• [Exercise goal] Could you restate the data word for word and drop the pictures?

[Collected material]

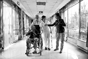 壽山福海養老院為民營資本投資建起的養老院。圖為該院院長張淑霞與老人及護理人員在走廊里相遇,張院長關切地詢問老人的生活情況。 本報記者 和冠欣攝
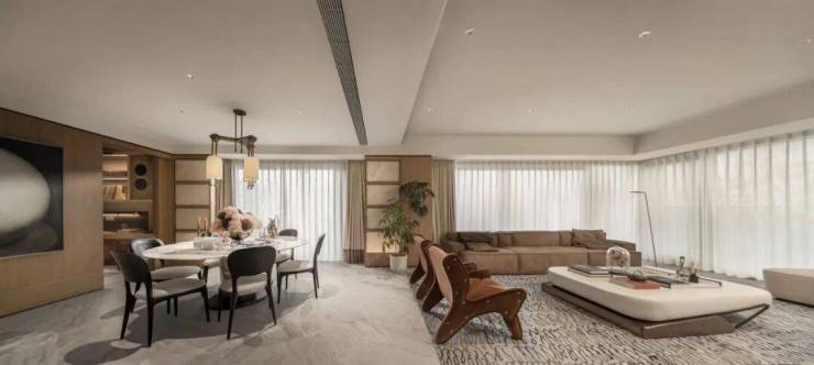 约240㎡客厅,成为家族迎来送往的“私人会所”。连通北向次卧形成近90㎡的LDKGT超级厅堂,无论是商务伙伴的远见卓识,还是家族挚友的午后闲谈,都在此从容承载。
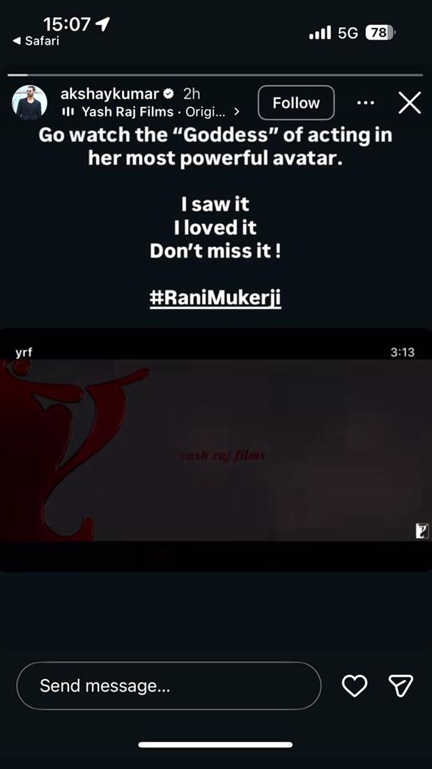 Akshay Kumar calls Rani Mukerji “Goddeess of acting” as he reviews Mardaani 3: “I saw it. I loved it.”

[/Collected material]

• [Expected answer]
 壽山福海養老院為民營資本投資建起的養老院。圖為該院院長張淑霞與老人及護理人員在走廊里相遇,張院長關切地詢問老人的生活情況。 本報記者 和冠欣攝
 约240㎡客厅,成为家族迎来送往的“私人会所”。连通北向次卧形成近90㎡的LDKGT超级厅堂,无论是商务伙伴的远见卓识,还是家族挚友的午后闲谈,都在此从容承载。
 Akshay Kumar calls Rani Mukerji “Goddeess of acting” as he reviews Mardaani 3: “I saw it. I loved it.”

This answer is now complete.